AIM OF THE TASK: Answer with the exact lines of the following material from the one containing "13 reviews for" through the one containing "These Chelsea boots", both end lines included.

STUDY MATERIAL:
§ §
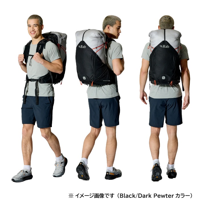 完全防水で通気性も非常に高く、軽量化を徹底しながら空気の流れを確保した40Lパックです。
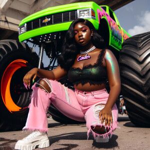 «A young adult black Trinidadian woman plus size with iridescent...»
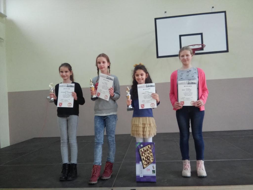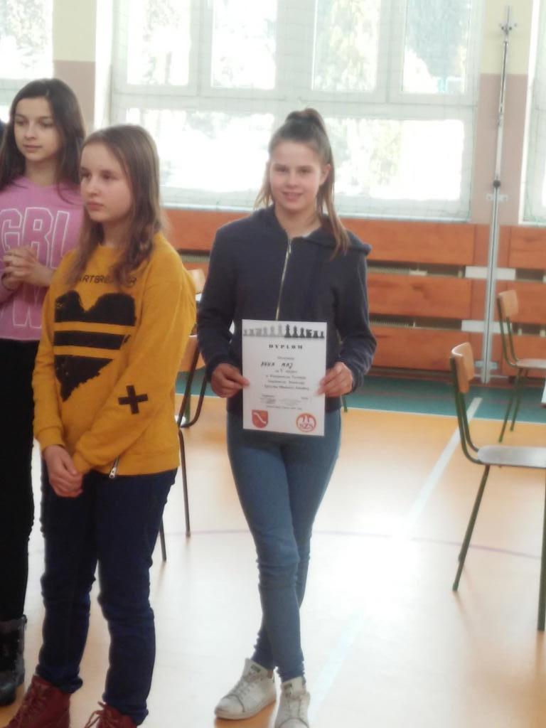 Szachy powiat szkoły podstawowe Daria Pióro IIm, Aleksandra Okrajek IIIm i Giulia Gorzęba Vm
§ §
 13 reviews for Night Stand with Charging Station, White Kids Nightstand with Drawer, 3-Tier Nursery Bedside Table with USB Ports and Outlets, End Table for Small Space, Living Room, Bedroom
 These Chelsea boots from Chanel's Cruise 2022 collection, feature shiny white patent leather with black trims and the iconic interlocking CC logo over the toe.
§ §
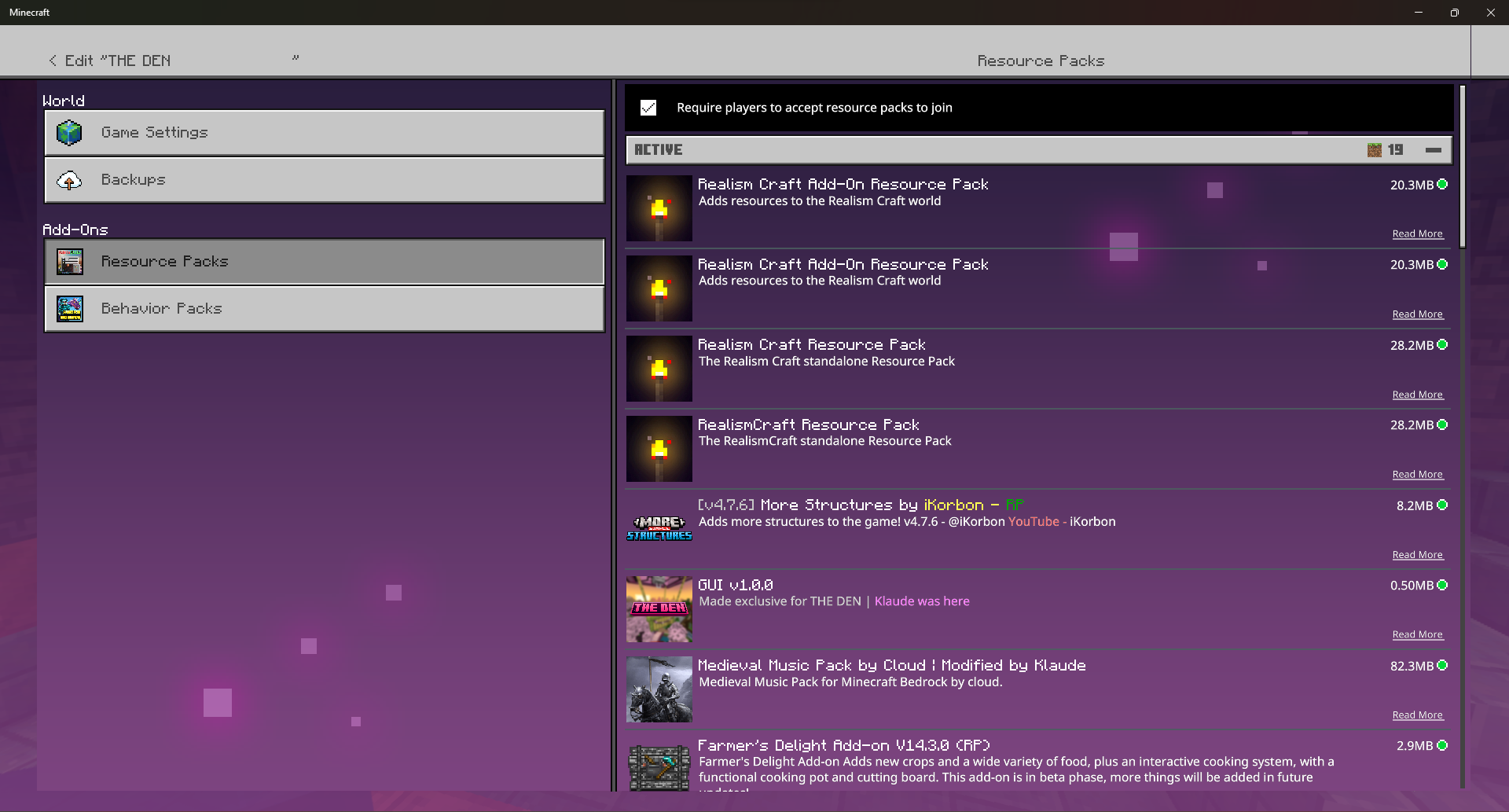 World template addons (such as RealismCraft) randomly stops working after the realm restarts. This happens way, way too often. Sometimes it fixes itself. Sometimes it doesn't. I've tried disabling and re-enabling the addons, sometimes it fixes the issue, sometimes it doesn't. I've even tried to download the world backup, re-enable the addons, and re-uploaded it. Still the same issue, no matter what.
§ §
EXERCISE SOLUTION:
 13 reviews for Night Stand with Charging Station, White Kids Nightstand with Drawer, 3-Tier Nursery Bedside Table with USB Ports and Outlets, End Table for Small Space, Living Room, Bedroom
 These Chelsea boots from Chanel's Cruise 2022 collection, feature shiny white patent leather with black trims and the iconic interlocking CC logo over the toe.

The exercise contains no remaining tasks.